Author's CV (in portuguese).

Introduction

 

1. The natural disasters – socioeconomics and physicals conditioning

1.1 Urbanization and globalization in contemporary socio environmental disarticulation

1.2 Natural disasters inductors and its consequences

 

2. The South America in perspective

2.1 The natural environment in South America

2.2 Socio environmental and economic aspects of South America

2.3 South American nations relationships with each other and the international community

2.4 Climate change projections for South America

 

3. The natural disasters in South America

3.1 Database for natural disaster evaluation in South America

3.2 Natural disasters panorama in South America between 1960 and 2009

 

4. Conclusions

 

References

Preface

Physical events that concentrate massive energy, such as rainfalls, winds and earthquakes constantly afflict an ever growing stratum of human population. It wouldn’t be exaggerate to state all human beings are at risk of suffering a calamity over their lives because not only the whole world is susceptible to register any disastrous phenomenon, but the crescent mobility of people contributes for even those who live in less susceptible areas may be in the wrong place at the wrong time. Besides, the areas and even the kinds of risks have grown excessively.
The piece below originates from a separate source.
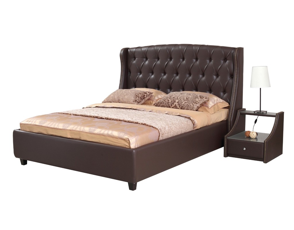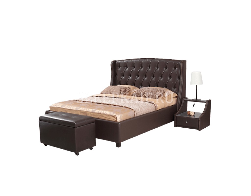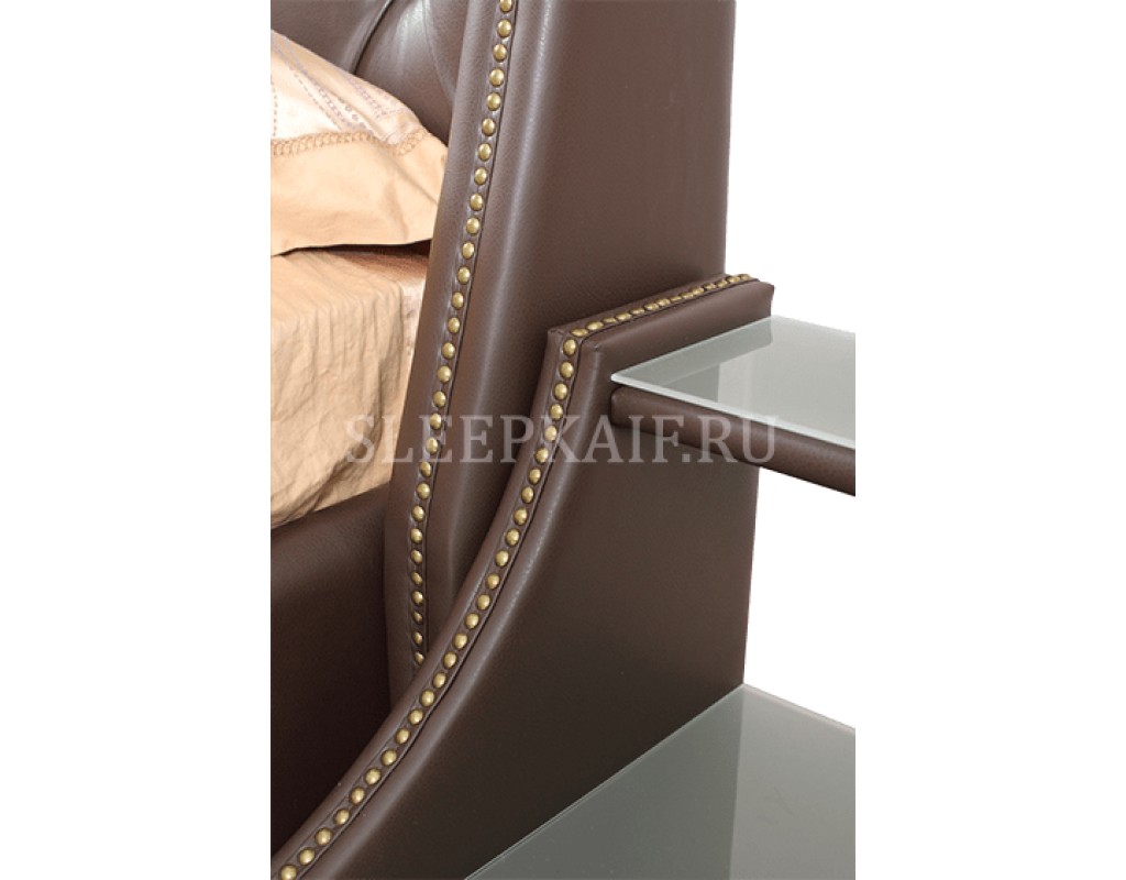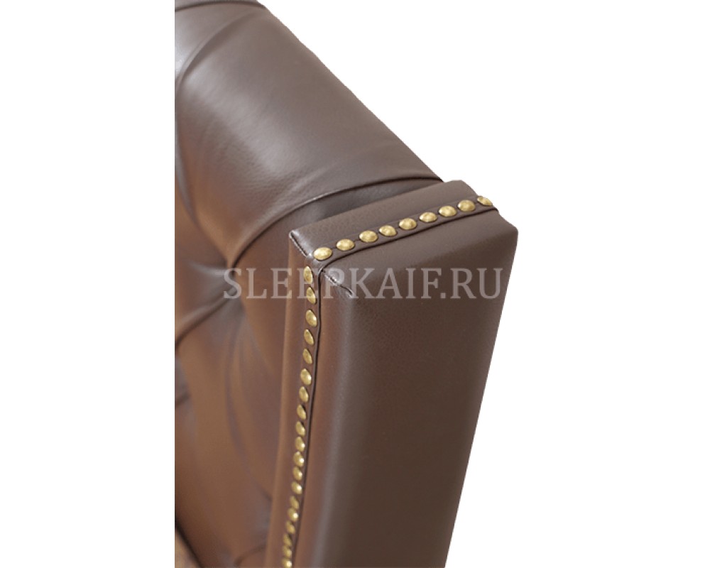 Предлагаем вашему вниманию интерьерную кровать Техас. Эффектный и дерзкий дизайн кровати словно переносит нас в атмосферу увлекательного вестерна. Подчеркнутая добротность отделки прекрасно гармонирует с насыщенным цветом горького шоколада. Высокое изголовье с фигурными боковинами и металлическими заклепками цвета состаренной бронзы не останется незамеченным, внесет в интерьер спальни нотки роскоши и брутальной элегантности.

In all societies, independently of the economic development degree, the concern with the dramatic consequences resultant from environmental praxis well-known depredatory haven’t resumed in preparatory actions for facing these occurrences and so these praxis became constructive elements of new catastrophes: the outbreak of the Ebola epidemic in Africa in 2014 unquestionably illustrate this.

If arguments such as divine or nature’s vengeance or the phenomena’s unpredictability were used in the past to justify the absence of effective measures and the continuity of praxis that lead towards disasters, the growth of calamities cannot be ignored any longer.
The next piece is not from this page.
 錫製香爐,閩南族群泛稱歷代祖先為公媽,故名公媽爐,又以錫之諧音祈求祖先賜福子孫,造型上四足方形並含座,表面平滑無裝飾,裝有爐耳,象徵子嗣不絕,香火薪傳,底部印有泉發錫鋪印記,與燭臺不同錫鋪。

The fast transformation of natural spaces in productive ones uniforms people and nations, ignoring the richness given by diversity: in a globalized world we eat the same food, watch the same programs and movies, wear the same fashion, listen to the same music, have the same aspirations in life and are equally exposed to natural disasters. Competition relations prevail over the ones of cooperation and the global responsibility, which would involve a single vision of rights and obligations towards consumption, mobility and other styles of modern life, have no space for globalization orchestrates actions based in conducts decides far from the affected sites, disarticulating them. Since globalization operates itself in a planetary scale its effects reach even the nations commanding the globalization process, for its demands modify sites much faster than the physical processes which are central elements in the advent of natural catastrophes, ever growing in recurrence around the world.
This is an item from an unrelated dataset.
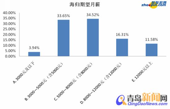 ??? 另外,智聯(lián)招聘調(diào)查顯示68.17%海歸對(duì)于月薪的期待在3000至8000元,其中,33.65%的海歸期望月薪為3000—5000元(含5000元),34.52%的海歸期望月薪在5000—8000元(含8000元)。期望月薪在8000-12000元(含12000元)的海歸占比16.31%,期望月薪在12000元以上的海歸占比11.58%,調(diào)查中只有3.94%的海歸期望月薪在3000元以下。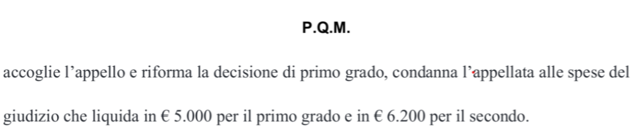 In questa pagina troverete alcuni stralci dei dispositivi in cui i Giudici hanno condannato, con coraggio, la controparte alla Refusione delle Spese di giudizio.

This environmental disarticulation, directly associated to a condition of danger, is an intrinsic element of contemporaneity and a testimony that all components of modern life – including science – are not built to respond the real problems afflicting people and their living spaces. Still the protagonism maintenance or the search for bigger preponderance in globalization is unceasing between nations, South American included, who would never have reached a highlight position in its five centuries, crave for a larger projection worldwide, which currently means have some command over the globalization arena. The ways globalization and urbanization contribute to environmental disarticulation without significantly cooperating for a larger South America projection in the global scenario is the theme of this book, highlighting for the period between 1960 and 2009. However, the breakdown scenario emerging from the analysis doesn’t reflect five decades but five centuries of environmental physical transformation and the social relations crystalized in these sites which, although being the physical substrate, constitute a source of permanent and growing danger for the population.